- - Sunday, May 8, 2016


Hillary Clinton is cornered and bleeding, with Bernie Sanders nipping at her ankles, the FBI closing in on her and she’s armed only with the shattered expectations of inevitably. That’s not an augury to gladden the hearts and expectations of the Democrats, and the Republican elites see only rage and resentment through the tears of their pout.

Rep. Paul Ryan, the speaker of the House, rightly says the obvious, that Donald Trump as the presumptive nominee must pull his party together for the long march to November. “At this point,” he says, “I think [Donald Trump] needs to do more to unify this party, to bring all the wings of this Republican Party together and then to go forward to appeal to all Americans in every walk of life, every background, a majority of independents and discerning Democrats.”

Not much to argue with there; the speaker employs all the cliches of focus-group marketing, but acts as if he doesn’t mean a word of it. That’s exactly the kind of talk that Mr. Trump’s 16 original opponents beat him over the head with, and with no success. Imperfect candidate though he may be, but Donald Trump understood that Republican voters want more than unctuous cliches this year. Jeb and Rubio and Ted and Scott, all the men (and Carly, too) who fell off their campaign wagons could have made the same points and in the same way, but they didn’t.

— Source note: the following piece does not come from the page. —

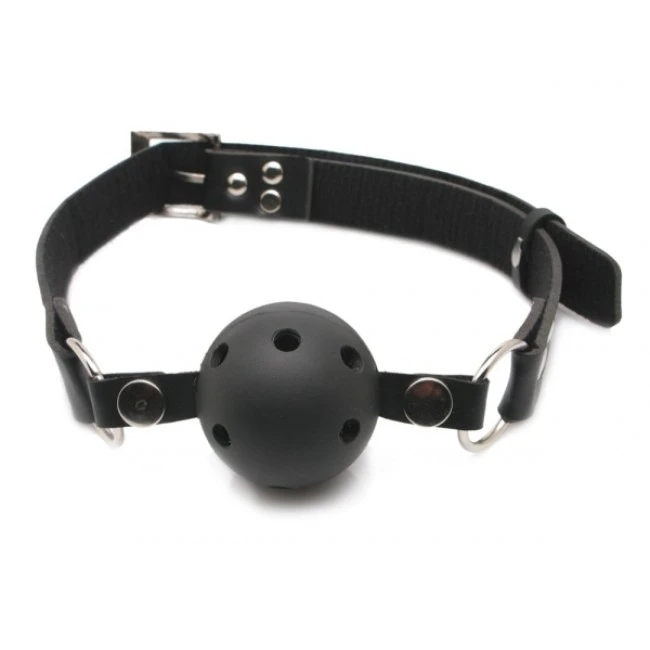 Für Spiele der Lust und Unterwerfung ist dieser Knebel genau das richtige Utensil. Der bissfeste Knebelball verfügt über Atemlöcher und sorgt für schweigende Lustmomente mit ausreichender Luftzufuhr. Der Kopfriemen aus Lederimitat ist für jede Kopfgröße mit dem Schnallenverschluss verstellbar.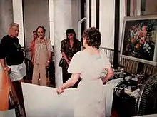 In 1982, Americo Makk was commissioned to paint a portrait of President Ronald Reagan, while Eva Makk was commissioned to paint Nancy Reagan.[46][47] Americo created two original portrait studies of the President that were previewed at the Nelson Rockefeller Collection in Palm Springs that were the forerunners to the final painting.[48][49][3] On March 5, 1983, the Rockefeller Gallery held a reception presenting the early paintings of the President by Americo Makk as part of its west coast premiere in Palm Springs.[50] Americo Makk expressed his concerns with painting the portrait in an interview for The Desert Sun, that if a president did not appreciate his portrait then the artist faced public scrutiny, referencing President Lyndon B. Johnson's portrait painted by respected landscape artist Peter Hurd.[51] Americo, with Eva and A.B., personally presented the 60 inch by 40 inch painting to President Reagan in the oval office of the White House on March 29, 1984, with the American Hungarian Federation.[52][53] Two additional portraits were also presented to the first family. Americo painted President Reagan with the Space Shuttle in the background. Eva Makk painted a portrait of the President and Nancy Reagan together, which was 60 inch by 40 inch.[52] An article in the Hawaiian periodical Artists in Paradise said of President Reagan's portrait that its "imagery, execution and technique reflect the spirit of our modern times with their sudden changes in political alignments, their looming national conflicts, their rapid advances in technology, and the need for decisive leadership and prompt action if we are to survive as a nation... Makk's portrait dramatizes the soul and significance of a strong American President."[44]

By withholding his endorsement until the Donald passes the speaker’s litmus tests, Mr. Ryan offers only a new definition of chutzpah: “You have to unify the party,” he tells Mr. Trump, “and my contribution in support is to continue to find nothing but fault in you.”

Mr. Ryan, who assumed the speakership with so much goodwill and armed with the high hopes of his party, has invited only disbelief and puzzlement from the mature party regulars who see as the first and most important task the prevention of Hillary Clinton becoming president. Mr. Ryan and the pouting elites get the full measure of scorn from Newt Gingrich, one of his predecessors as speaker.

“These pseudo-intellectual right-wingers who have made a living in Washington being brilliant while they alienated the entire American people are showing you by their hysteria the degree to which they are being repudiated,” he said at week’s end, “and they just don’t know what to do. They’re in a state of psychological hysteria that is really kind of amazing.”

He agrees that Donald Trump has a responsibility to unify the party, but he can’t do it with the jilted elites throwing sticks and stones from the sidelines. “He is the speaker of the House,” Mr. Gingrich says. “He has an obligation to unify the party, too. He has an obligation to reach out. Obviously he and Donald Trump are going to have disagreements. Some of them will work out and some of them won’t. That’s fine. Our Constitution provides that speakers and presidents can fight, but I think he sends the wrong signal and a signal which I think endangers the House Republicans and endangers the Senate Republicans. I much prefer what Mitch McConnell did and what John McCain did — they both said, ‘OK, game over. We have a nominee, and I’m for him.’”

This is the plain talk the party elites must hear unless they want the disaster their pout invites. They should remember Adlai Stevenson’s benediction to his losing campaign to Dwight D. Eisenhower in 1952: “It hurts too much to laugh, and I’m too big to cry.” Something like that is what grown-ups are expected to say.